Alarmed by Thiếu Sơn's activities, Saigon government arrested him again in 1972, accused him as an espionage agent. He was exiled to Côn Đảo, the infamous prison where many communists and political prisoners were jailed. Thiếu Sơn was released to the NLF in March 1974 according to the Paris Peace Accord, then was sent to Hanoi and France for recuperation. In France, Thiếu Sơn continued his activism and journalism, he met with oversea Vietnameses and encouraged them to support North Vietnam's resistance against the U.S. He also finished his memoir Nợ bút nghiên hay nghĩa đồng bào (Debt of penmanship or duty with compatriots).

==After 1975==
Thiếu Sơn returned to the unified Vietnam after 30 April 1975. Despite old age and deteriorating health, he keep being active in journalism and social activities. He worked in Vietnam Fatherland Front at Ho Chi Minh City and wrote for many well-known newspapers in the unified Vietnam.
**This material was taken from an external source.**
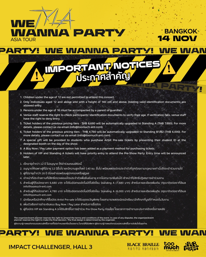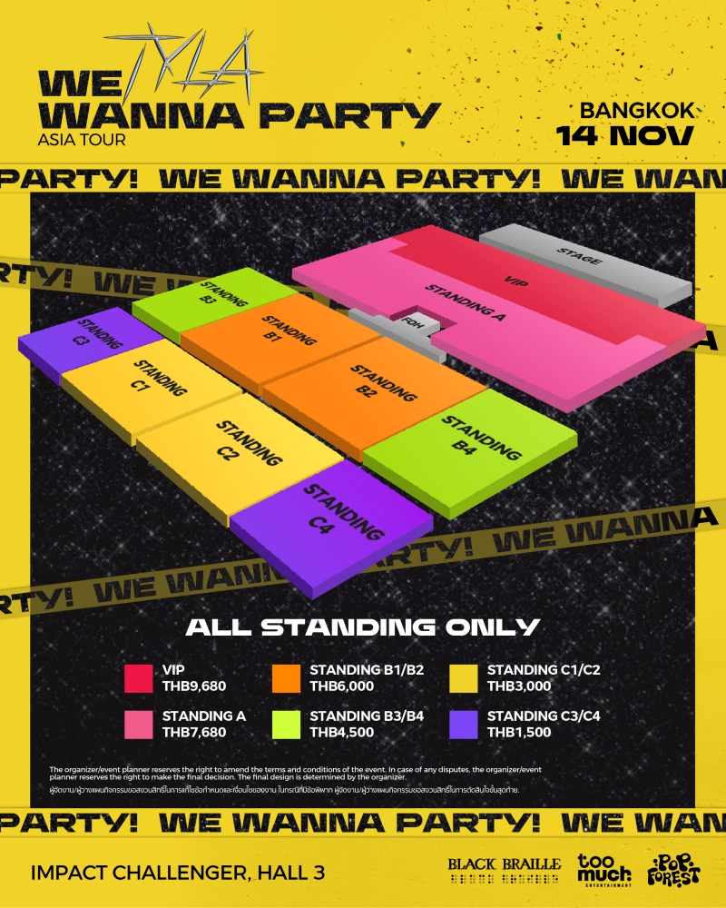 เมื่อแฟนๆ ขอมา เราจัดให้! กับการเพิ่มโซนใหม่พร้อมราคาปรับใหม่ให้โดนใจ เพื่อโชว์นี้ที่กรุงเทพฯ โดยเฉพาะ เพื่อมอบความคุ้มค่าให้แฟน ๆ ของเรา เตรียมตัว เตรียมใจ และปล่อยจอยไปกับปาร์ตี้ TYLA WE WANNA PARTY ASIA TOUR in Bangkok ได้แล้วในวันที่ 14 พฤศจิกายน ณ Impact Challenger Hall 3 โดยบัตรราคา 9,680 บาท / 7680 บาท / 6,000 บาท / 4,500 บาท / 3,000 บาท / 1,500 บาท สามารถซื้อได้แล้วทาง Megatix ตั้งแต่วันที่ 17 กันยายนเป็นต้นไป

Thiếu Sơn died on 5 January 1978 after a stroke at the age of 70.

==Notable works==
- Phê bình và cảo luận ("Criticism and rough dissertation", literary reviews collection, 1933)
- Câu chuyện văn học ("The story of literature", literary reviews collection, 1943)
- Đời sống tinh thần ("The Spiritual Life", social review, 1945)
- Người bạn gái ("The Girfiend", novel, 1941)
- Giữa hai cuộc cách mạng ("Between the two revolutions", journal articles collection, 1947)
- Nghệ thuật và nhân sinh ("Arts and human", selected works, 2000)
- Nợ bút nghiên hay nghĩa đồng bào ("Debt of penmanship or duty with compatriots", memoirs)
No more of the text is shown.